(Beginning of Available records)

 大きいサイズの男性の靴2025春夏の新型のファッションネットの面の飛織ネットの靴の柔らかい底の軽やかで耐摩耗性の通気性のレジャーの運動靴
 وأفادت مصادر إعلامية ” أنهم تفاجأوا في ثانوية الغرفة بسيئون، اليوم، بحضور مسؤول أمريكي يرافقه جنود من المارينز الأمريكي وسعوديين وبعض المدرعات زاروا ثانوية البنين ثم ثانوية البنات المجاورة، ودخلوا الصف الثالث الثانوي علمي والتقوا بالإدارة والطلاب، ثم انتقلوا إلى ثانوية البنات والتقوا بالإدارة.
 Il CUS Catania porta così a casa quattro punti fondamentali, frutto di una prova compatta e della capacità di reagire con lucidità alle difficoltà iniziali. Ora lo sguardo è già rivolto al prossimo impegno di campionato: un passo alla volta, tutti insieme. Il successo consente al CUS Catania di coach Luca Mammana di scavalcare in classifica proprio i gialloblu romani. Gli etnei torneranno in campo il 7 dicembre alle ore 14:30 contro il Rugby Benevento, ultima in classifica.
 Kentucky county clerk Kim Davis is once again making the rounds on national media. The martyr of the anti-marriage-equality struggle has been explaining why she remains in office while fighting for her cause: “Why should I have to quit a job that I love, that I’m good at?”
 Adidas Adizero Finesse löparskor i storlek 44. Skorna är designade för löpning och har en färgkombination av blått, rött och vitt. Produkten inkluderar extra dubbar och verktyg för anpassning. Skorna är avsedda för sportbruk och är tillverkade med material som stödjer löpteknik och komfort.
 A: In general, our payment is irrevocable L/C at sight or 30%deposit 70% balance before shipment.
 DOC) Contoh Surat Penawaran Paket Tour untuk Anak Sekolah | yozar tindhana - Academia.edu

(End of Available records)
(Beginning of Available records)

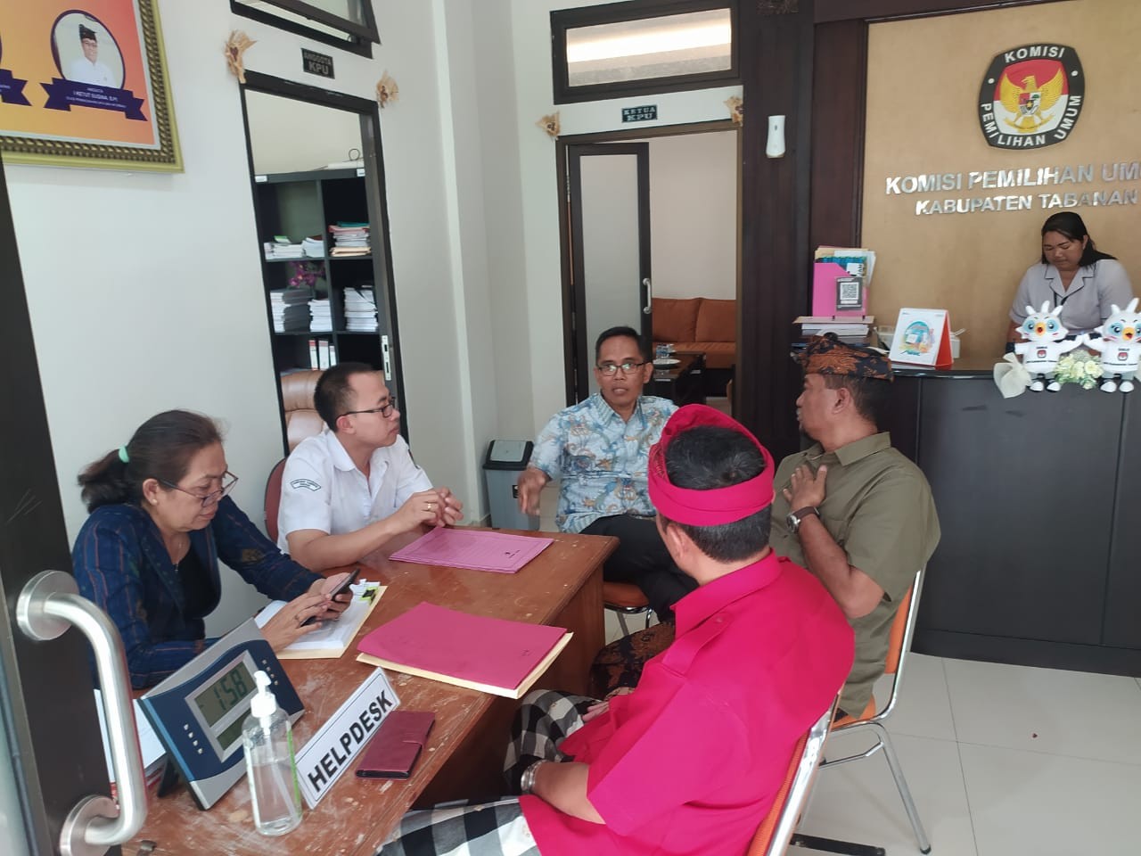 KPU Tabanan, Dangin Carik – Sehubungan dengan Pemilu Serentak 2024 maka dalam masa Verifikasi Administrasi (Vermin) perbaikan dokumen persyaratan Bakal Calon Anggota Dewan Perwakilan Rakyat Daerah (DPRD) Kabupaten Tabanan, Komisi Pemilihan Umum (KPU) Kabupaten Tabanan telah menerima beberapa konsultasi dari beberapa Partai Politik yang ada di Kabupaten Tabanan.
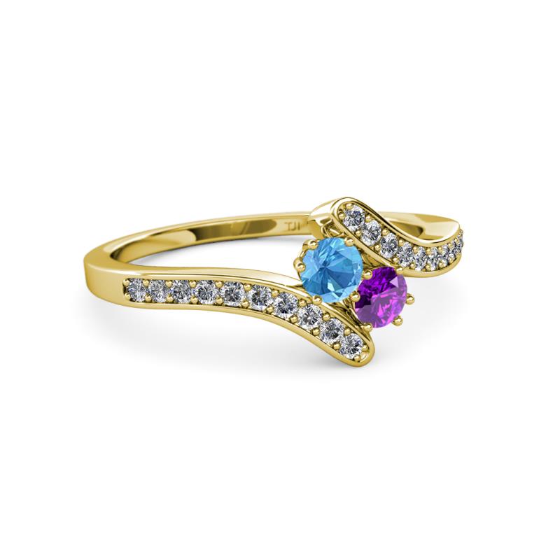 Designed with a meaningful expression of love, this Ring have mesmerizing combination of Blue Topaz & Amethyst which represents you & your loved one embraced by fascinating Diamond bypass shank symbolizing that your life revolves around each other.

(End of Available records)
(Beginning of Available records)

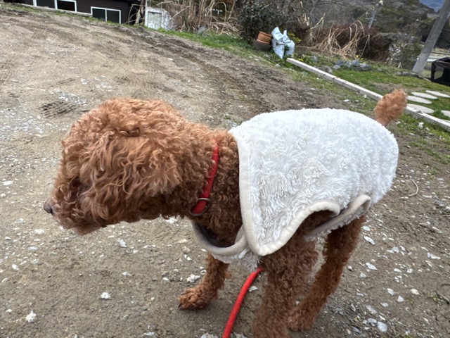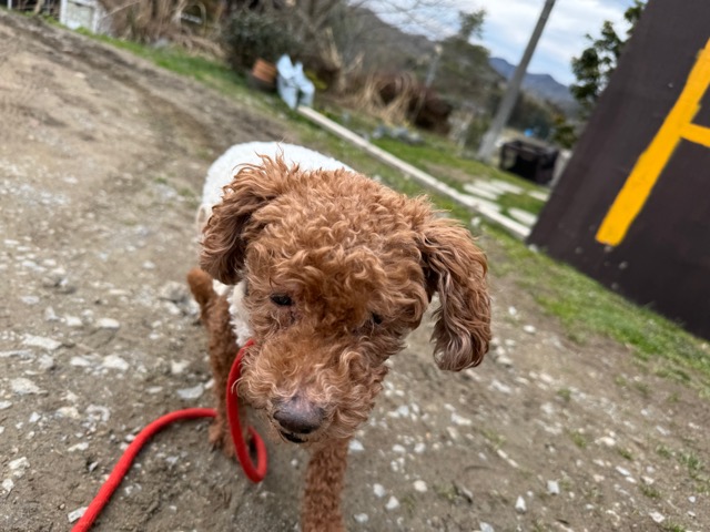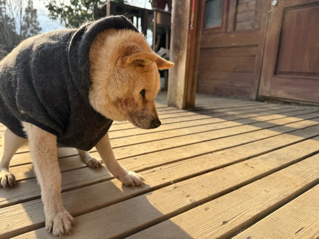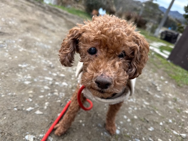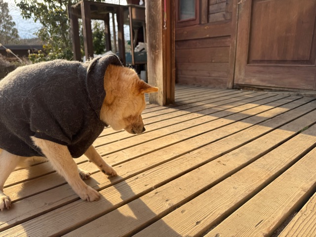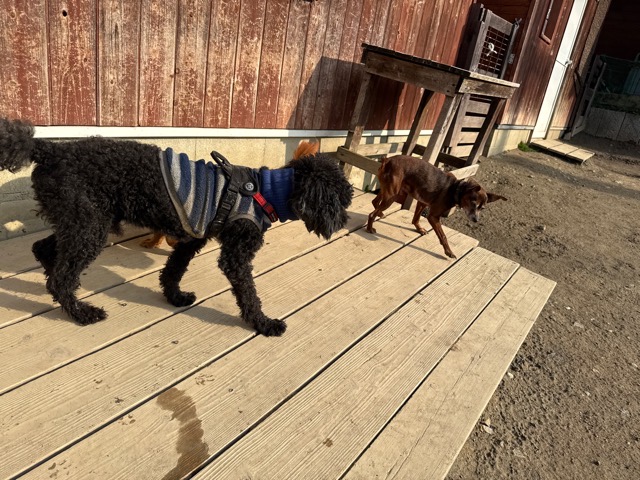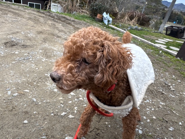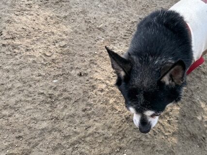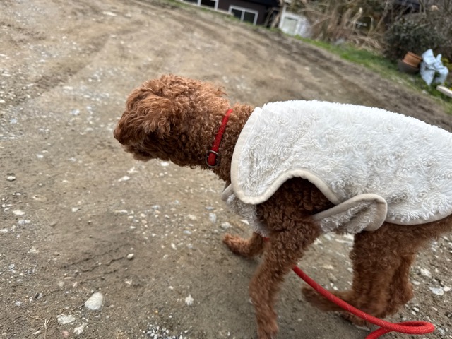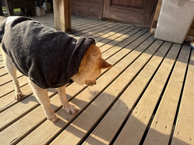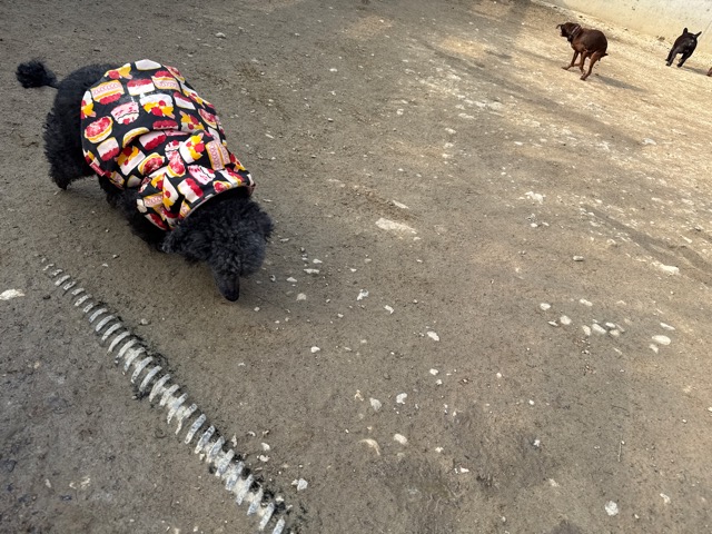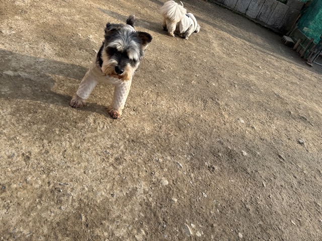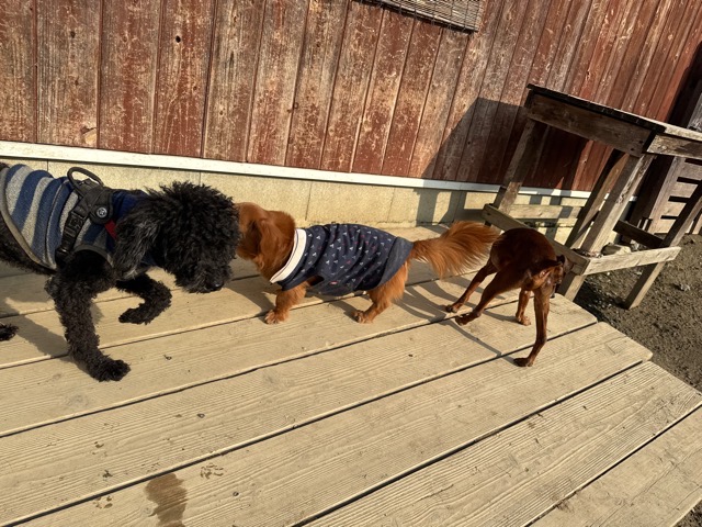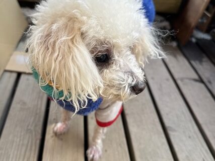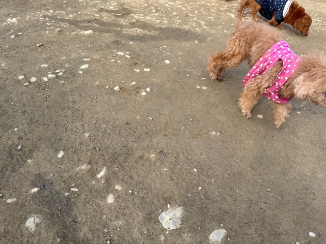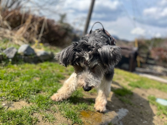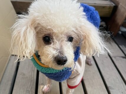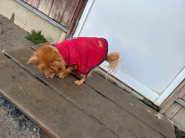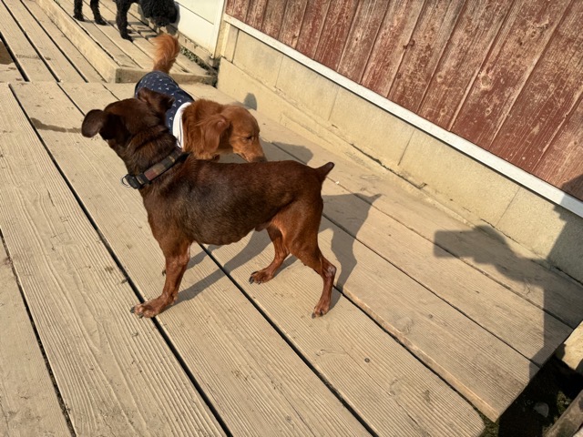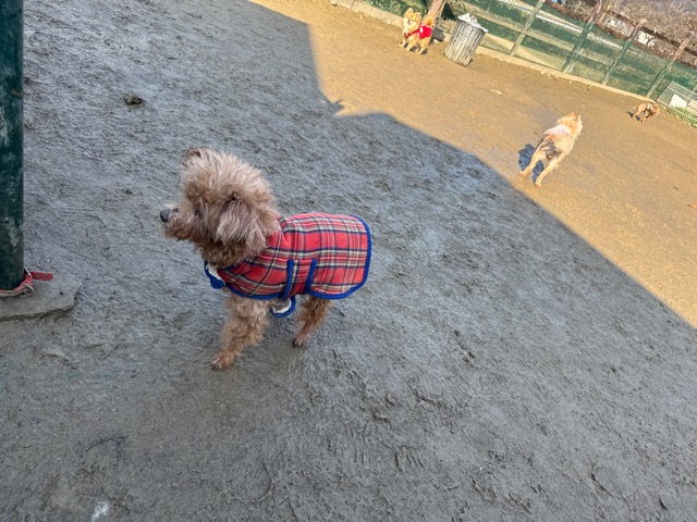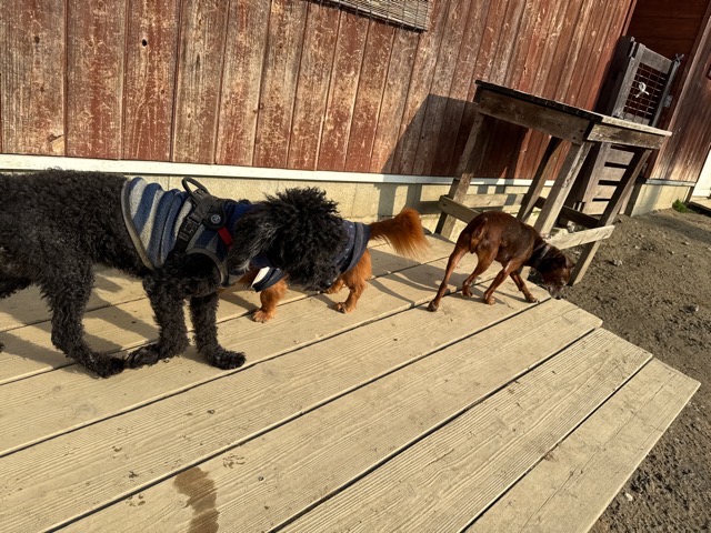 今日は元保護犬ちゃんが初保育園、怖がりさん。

(End of Available records)

» **Problem to solve**
As listed above, the lines from the line with "大きいサイズの男性の靴202" to the line with "DOC) Contoh Surat" are to be echoed exactly, with both ends included and nothing added.

» **Output**
 大きいサイズの男性の靴2025春夏の新型のファッションネットの面の飛織ネットの靴の柔らかい底の軽やかで耐摩耗性の通気性のレジャーの運動靴
 وأفادت مصادر إعلامية ” أنهم تفاجأوا في ثانوية الغرفة بسيئون، اليوم، بحضور مسؤول أمريكي يرافقه جنود من المارينز الأمريكي وسعوديين وبعض المدرعات زاروا ثانوية البنين ثم ثانوية البنات المجاورة، ودخلوا الصف الثالث الثانوي علمي والتقوا بالإدارة والطلاب، ثم انتقلوا إلى ثانوية البنات والتقوا بالإدارة.
 Il CUS Catania porta così a casa quattro punti fondamentali, frutto di una prova compatta e della capacità di reagire con lucidità alle difficoltà iniziali. Ora lo sguardo è già rivolto al prossimo impegno di campionato: un passo alla volta, tutti insieme. Il successo consente al CUS Catania di coach Luca Mammana di scavalcare in classifica proprio i gialloblu romani. Gli etnei torneranno in campo il 7 dicembre alle ore 14:30 contro il Rugby Benevento, ultima in classifica.
 Kentucky county clerk Kim Davis is once again making the rounds on national media. The martyr of the anti-marriage-equality struggle has been explaining why she remains in office while fighting for her cause: “Why should I have to quit a job that I love, that I’m good at?”
 Adidas Adizero Finesse löparskor i storlek 44. Skorna är designade för löpning och har en färgkombination av blått, rött och vitt. Produkten inkluderar extra dubbar och verktyg för anpassning. Skorna är avsedda för sportbruk och är tillverkade med material som stödjer löpteknik och komfort.
 A: In general, our payment is irrevocable L/C at sight or 30%deposit 70% balance before shipment.
 DOC) Contoh Surat Penawaran Paket Tour untuk Anak Sekolah | yozar tindhana - Academia.edu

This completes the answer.